Yes the red line was the loopback measurement. I think its red because I don't have much "headroom" during the measurment. If i had more headroom then it would be green. I can play with that later after i first understand everything and actually make a valid measurement

I have practice for my son's baseball team tonight but will try that right after we are done. Question - everything makes sense except your comment to make sure the input is selected in the preference window. I have preferences open and looking at the "soundcard" tab. Are you referring to the "input channel" or the Input device which is currently set to default? Should i be looking at a difference tab? The mic/meter tab is set up.

I definitlely will donate as this website (and your services/advice) is excellent


----------



## EarlK (Jan 1, 2010)

*(i) Input Channel :*
- I was referring to the input channel ( L or R ) . 
- Even if the "Y" cable isn't marked , just plug the RS meter into one or the other side, tap the mic diaphragm ( set the mic to 60 db so that it is sensitive to a tap ) . 
- Watch the input meters and identify to "live" channel .
- Select that channel as the input channel .
- Reset the RS meter to read a higher db range / to prepare for a measurent ( maybe the 80 db setting is appropriate here ) .

*(ii) Input Device*
- When using the "Default Input" as your device selection , you must go to the computers audio control panel to make sure the computers input is set to "Stereo Mix" not "Microphone" / at least when using WinXP .



<> cheers


----------



## janick (Mar 10, 2011)

EarlK said:


> *(i) Input Channel :*
> - I was referring to the input channel ( L or R ) .
> - Even if the "Y" cable isn't marked , just plug the RS meter into one or the other side, tap the mic diaphragm ( set the mic to 60 db so that it is sensitive to a tap ) .
> - Watch the input meters and identify to "live" channel .
> ...


I thought i had the measurement but I'm worried about mic cal and sc cal lines as they are basically the same line.

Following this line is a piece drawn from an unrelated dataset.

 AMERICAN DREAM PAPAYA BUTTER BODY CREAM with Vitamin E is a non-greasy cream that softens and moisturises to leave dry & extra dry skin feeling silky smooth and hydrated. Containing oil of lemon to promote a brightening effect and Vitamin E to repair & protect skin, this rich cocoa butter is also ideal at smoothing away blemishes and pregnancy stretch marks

I hope i'm close. By the why, each time i make a mistake the more i donate


----------



## janick (Mar 10, 2011)

okay so i couldn't go to bed until i tried one more time and here is the results after starting from scratch with a new calibration









looks to plain......again:scratch:


----------



## EarlK (Jan 1, 2010)

Janick,

*Please Read: Getting Graphs Ready To Post*  










*The preferred axis for a full range graphs is: *
VERTICAL = 45dB-105dB
HORIZONTAL = 15Hz-25,000Hz.

*The preferred axis for ALL subwoofer graphs is:*
VERTICAL = 45dB-105dB
HORIZONTAL = 15Hz-200Hz.


<> cheers

PS : Please, don't display phase information on your measurement graphs ( apart from SC calibration graphs ) , hardly anyone knows what to do with phase info, making it quite useless to display in a regular response graph .


----------



## EarlK (Jan 1, 2010)

janick said:


> looks to(o) plain......again


( Compensated ) Loopback Measurements are supposed to look boring since they are testing the linearity of the electronics for the ( now corrected & compensated ) soundcard /// just a bunch of ( mostly ) straight lines is what one expects will be displayed.

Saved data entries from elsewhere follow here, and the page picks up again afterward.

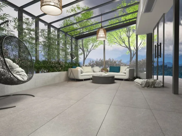 Không gian mở: Tận dụng ánh sáng tự nhiên kết hợp với gạch ốp lát khổ lớn để tạo sự thông thoáng.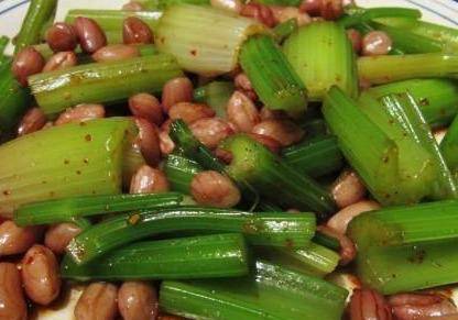 3、将腌制好的芹菜沥干,与煮好的花生拌匀;加入香油和酱油拌匀;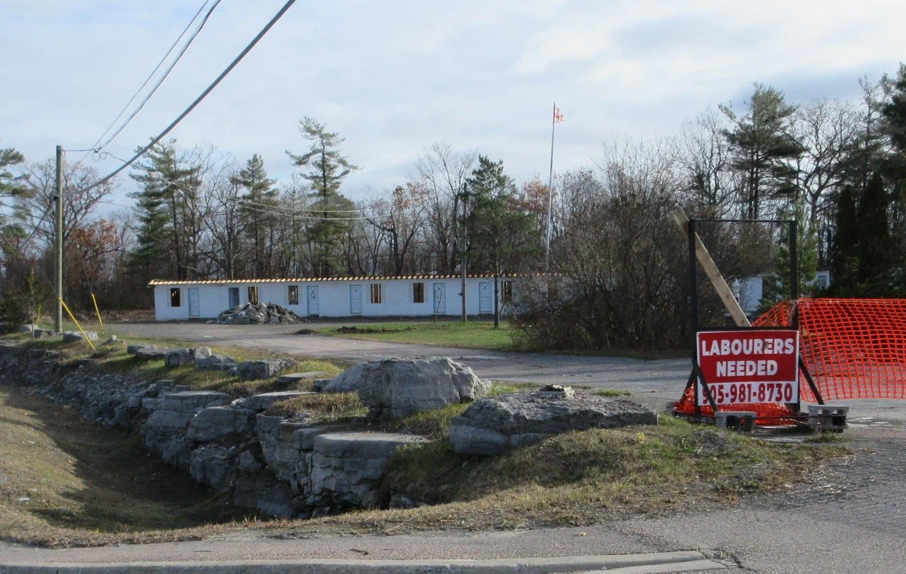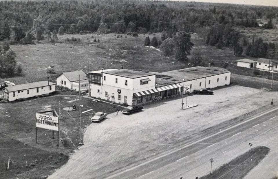 Recently torn down was the building known as the Russ Jarvis' Relm Club, a popular restaurant and dance hall. This building was previously an Esso station, known as Marmora Heights, owned originally by Charles Ibey. He operated with one bay, and after selling to James and Edna Eady, a second bay was added. (See Gas stations)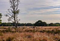 landschap op de heide van Gelderland, waar een kudde schapen bij een boom staat in het mooie licht van de vroege avond

*- When are you going to make a sweep ( of a sub ) using the mic ( RS meter ) ?*
<> cheers


----------



## janick (Mar 10, 2011)

I though i was doing a sweep. its looks as though the mic cal and sc cal are set correctly.









Must have missed an important part; i guessing i need to tell it to measure a sweep?


----------



## ddgtr (Nov 1, 2009)

Hi, janick!

Did you:
- disconnect the loopback cable and connected it correctly to your RS meter and AVR?
- run "check levels" in "preferences", "sound card" tab?
- make sure everything else is ready for measurements as per Earl's directions above?

If yes, then select "Measure", adjust your start and end freqs and hit "Start Measuring"

Also, like Earl said, adjust your window so it goes from 45 to 105 on the vertical axis to about 20 to 20k Hz on the horizontal axis (although your RS meter might not go that high).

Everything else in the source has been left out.